Extraits du livre
En le voyant de plus près, sous l’éclairage public, je me mets à rire de cet accoutrement hors du commun, ça le désarçonne, il fait donc celui qui est encore plus en colère en levant sa tapette à mouches pour m’en battre, ce qui ne me ferait pas grand-chose tellement cet ustensile dérisoire est inoffensif, sauf peut-être pour les mouches, mais pour de très grosses mouches alors parce que l’usure de l’ustensile doit en laisser passer la plupart. Il me tance d’importance en me disant « espèce de pédé tu vas nous faire chier longtemps encore ? » Ce à quoi je lui réponds, sans colère, « comment t’as deviné que je suis pédé ? »
Bref, c’est la caverne d’Ali Baba de la picole gratuite, je lui dis qu’on n’a rien à prendre là-dedans, ce dont on a besoin c’est de la bouffe, pas de tisane ni d’outillage. Et puis le type il bosse pour se payer ça, on n’a pas à piquer chez les gars comme nous, il me répond que c’est un gars qu’il connaît et qui laisse la moitié de sa paye tous les mois à l’achat de bouteilles, en fait un petit ouvrier qui se fait plaisir en accumulant ces divers vins et alcools. Là je ne suis pas d’accord, ce gars il en chie pour se faire plaisir, on n’a rien à faire à voler des paumés, c’est dégueulasse, je les laisse et je me casse, le cambriolage de mon appartement, il y a quelques mois, me revenant en mémoire. Et puis ce n’est pas mon tempérament le cambriolage, sauf que quand je tisane je me laisse entraîner dans des galères à la con, ce n’est pas bon pour mon pedigree.

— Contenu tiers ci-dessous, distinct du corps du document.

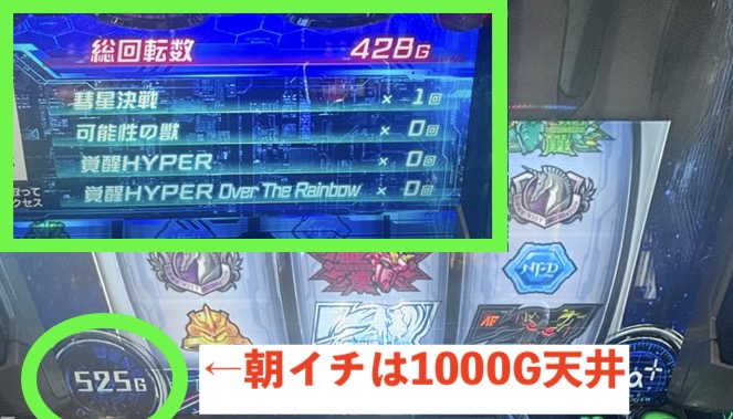 朝イチは液晶600G辺りかな。CZ未当選であれば200G辺りから狙って、液晶ゲーム数で押し引きする感じなりそうですね

De mauvaise humeur je lui réponds que j’étais à l’intérieur et que j’ai juste éternué, alors quand on me cherche des noises par des questions à la con je fais plus violent, ça devient plus important et plus dangereux, il ferme sa gueule et on décharge. Je suis mal luné ce matin, je ne sais pas pourquoi, il y a des jours comme ça où je suis imbouffable après la dorme.

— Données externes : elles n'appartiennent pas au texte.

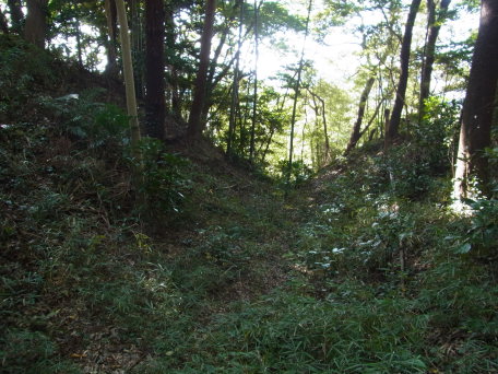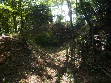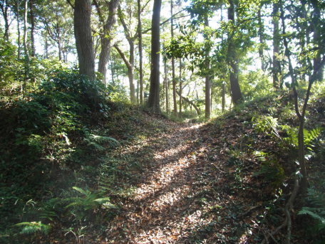 <沿革> 史料にはみられない城である。『東葛郡誌』では、鎌倉時代の相馬御厨地頭相馬胤村の 三男胤光が「根戸三郎」を称しているとして、根戸氏の居城ではないかとしている。ただし、 胤光の名は福島県相馬市の歓喜寺所蔵の『相馬家系図』にみられるものの、その実在は 一次史料からは確認されていない。『郡誌』によれば、城の北西の字御蔵下の西に「殿様 の井」と呼ばれる場所があり、城の糧米を貯蔵したところとする伝承があるとされる。 『富勢村誌』では、城山の南西に「道灌」の小字があり、太田道灌が築いたとする伝承が 地元に残っているとしている。根戸南西の酒井根(柏市)では、文明十年(1479)に道灌と 千葉孝胤の間で境根原の戦いが起きている。この戦いに根戸城が関わっていたかは不明 であるが、我孫子の土豪とされる野嶋入道が千葉氏側で参戦して討ち死にしていることや、 敗れたはずの孝胤が下総の諸勢力の支持を受けて結局千葉氏宗家を継いでいることなど から、道灌が根戸城を築いて維持することができたとは考えにくい。 現在に残る遺構の状況や発掘調査による出土品からみて16世紀までは使用されていた と推定されているが、道灌以降の時代については伝承もみられない。 <手記> 根戸城は、手賀沼北西隅付近に臨む台地の先端に位置しています。城跡のある台地の ほぼ中心に、現在我孫子市と柏市の市境がありますが、柏市側が境界線に沿ってびっしり 住宅地となっているのに対し、我孫子側はほとんど旧来のまま手つかずとなっているため、 幸運にもほぼ全容が残っています。 城跡へは、北西隅付近の住宅地角から行くことができます。南麓から登る道もありますが、 こちらは下草がやや伸びていて入口が分かり難いです。ただ、唯一の説明板は城跡先端 の櫓台(後述)下の半隧道脇にしかありません。この隧道は、櫓台を残して無理やり削った 感じが全開で、ありがたいような涙ぐましいような気持ちになります。 『日本城郭大系』によれば、根戸城は4つの曲輪から成るとなっていますが、現地で確認 できるのは大きく分けて2郭です。主郭の先に「櫓台」と呼ばれる削り残しのような箇所と、 主郭の南に腰曲輪があるので、『大系』の記述はそれらも加えたものとも思われます。 主郭は四方を深い空堀と土塁に囲繞された台形の曲輪です。内部は私有地らしく、私が 訪れたときには地元と思われる数人の方々が何か作業を行っており、会う方会う方に主郭 には入らないようにと念を押されました。周囲の堀底は、巡って歩いても問題ないそうです。 主郭の西側には副郭があり、その外側にも見応えのある堀が残っています。副郭の西に、 少し離れて円墳(金塚古墳)があるのですが、物見台や番所など何らかの形で城内に取り 込まれていても不思議ではないところ、周辺を見渡しても城の造作らしきものは見受けられ ませんでした。 現地説明板によれば、主城域の北の斜面には「根小屋の坂」と呼ばれるところがあるそう です。現在は道路や線路の建設のせいか地形がいくらか変わっているように見えるうえに、 藪に覆われていて近づくことは困難です。説明板の地形図をみる限り、根小屋の坂は人が 通る道というよりは、斜面を幅広くなだらかに削ったもののようです。とはいえ、斜面の中途 に根小屋集落が建設されていたというようにも見えず、用途は不明です。 城跡全体を俯瞰すると、峰先にありながらさらに周囲に堀を穿って曲輪としているあたり、 上杉氏の城館によくみられる特徴のように思われます。したがって、道灌築城説は疑わしい ものの、そのあたりの時代に完成され、後北条氏の進出ぐらいまで使用されていたのでは ないかな、と直感的に思いました。 線路を挟んだ北側には、法花坊館と呼ばれる城館跡が発見されており、周辺には「台田」 「中馬場」「上屋敷」「御蔵屋敷」「北ノ内」といった城館関連とみられる小字が残っていたと されています。北柏駅を挟んだ北西には、構造的に同時代のものと思われる松ヶ崎城址も あります。根戸城から松ヶ崎城にかけての地域は手賀沼の最奥にあたり、当時は城の直下 まで水が迫っていたものと思われます。根戸城の東側には船戸の地名が残ることからも、 根戸城から松ヶ崎城へかけての広い範囲にわたり、西からの陸運と東への水運の交わる 結節点として賑っていたのではないかと推測されます。 |

En fait il s’est levé un mec qu’il éponge sous la ceinture et dans le portefeuille, on l’a surnommé Chichi parce qu’il vend des « chichis » (sorte de petites pâtisseries frites, un peu comme des mini-beignets) sur la plage de Saint-Trojan, un mec d’environ 40 ans, pas tout à fait fini, un peu neuneu sur les bords, il a une Renault « Floride » décapotable dont il n’a jamais relevé la capote quel que soit le temps, il y pousse de l’herbe un peu partout là où la mousse s’est formée, une rare pièce de collection cette voiture. Il habite dans une grande caravane pas racontable, la caverne du parfait pédé célibataire, un bordel indescriptible, pas vraiment de la crasse mais un laisser-aller caractéristique de ceux qui n’ont personne pour s’occuper de leur ménage et de leur linge.